The Indian economy grew 8.5 per cent in 2021. In its quarterly economic update for Asia-Pacific, S&P said in some countries the domestic demand recovery from COVID has further to go and this should support growth next year in India.
“In some countries, the domestic demand recovery from COVID has further to go. This should support growth next year in India, Indonesia, Malaysia, the Philippines, and Thailand,” S&P said on Monday.
It added that higher interest rates will have a pronounced hit on growth in parts of the region, either because policy rates climb strongly or the effect of the increases is profound. ” The rise in the Reserve Bank of India’s policy rate of 1.9 percentage points so far this year is from an already elevated level at end-2021.”

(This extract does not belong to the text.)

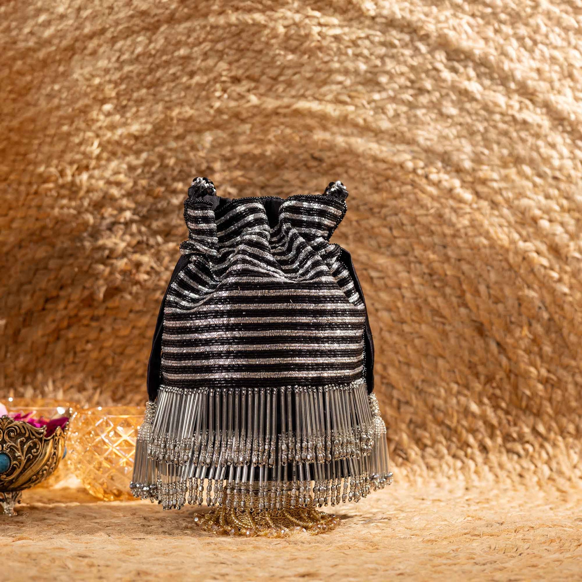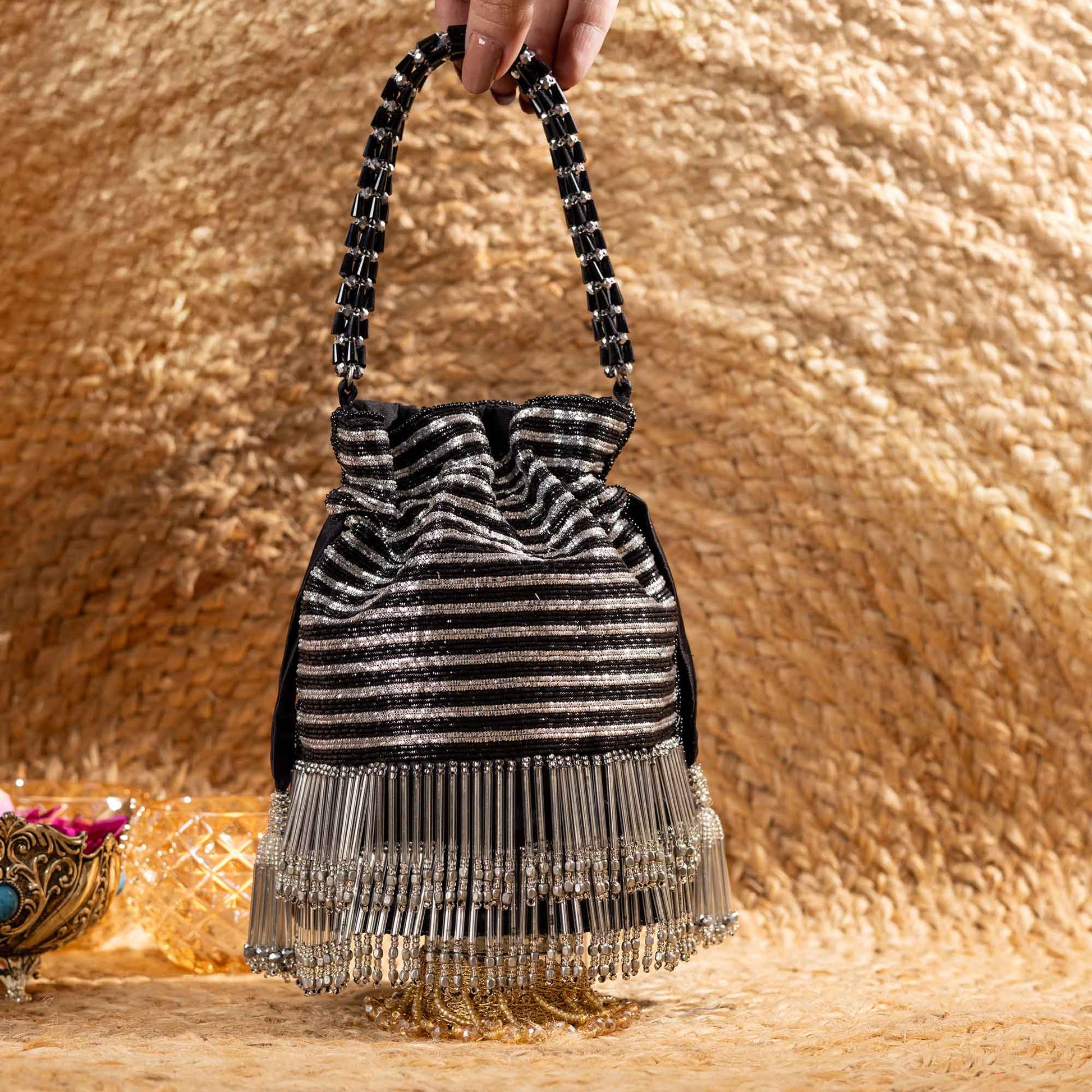 Elevate your festive style with SAANISH bucket potlis — where modern design meets timeless tradition. With their structured silhouette, roomy interiors, and hand-embellished detailing, these potlis strike the perfect balance between statement and sophistication. A must-have for weddings, soirées, and celebrations, they let you carry your essentials with grace and glamour.
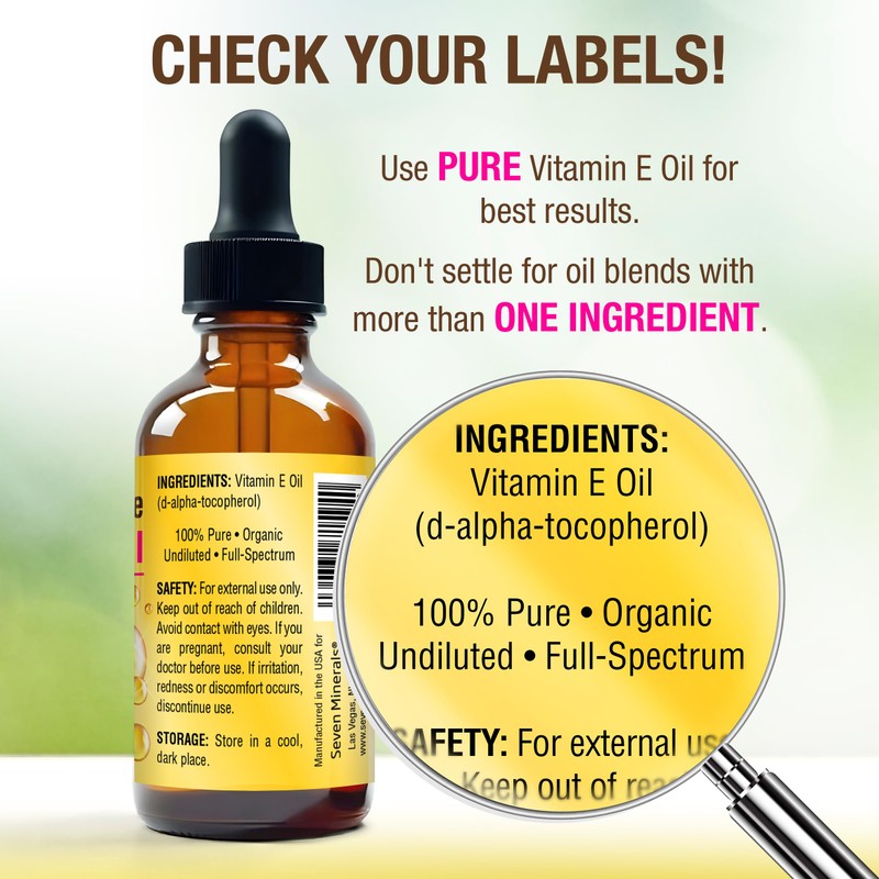 - ULTRA-PURE 75,000 IU per oz - You read that right. Our naturally occuring Vitamin E oil is the purest you can find. Unlike other brands that blend in cheaper carrier oils, we don’t cut corners. In every bottle of Seven Minerals Vitamin E Oil you’ll find just one ingredient. Pure, Organic, Full-Spectrum D-Alpha Tocopherol,Vitamin E.

On the foreign exchange reserves, S&P said forex reserves have fallen in Asian emerging markets, even after adjusting for valuation changes. In India, the decrease in foreign reserves of $73 billion through August was far and above losses attributable to valuation changes (of $30 billion). This implies that the central bank has made sizable interventions to support the Indian rupee.
Stating that inflation in India has remained high, it said the retail inflation in the country is expected to be at 6.8 per cent during the current financial year. This is higher than the last year’s 5.5 per cent.
The RBI expects the company’s inflation to be at 6.7 per cent for the current financial year 2022-23.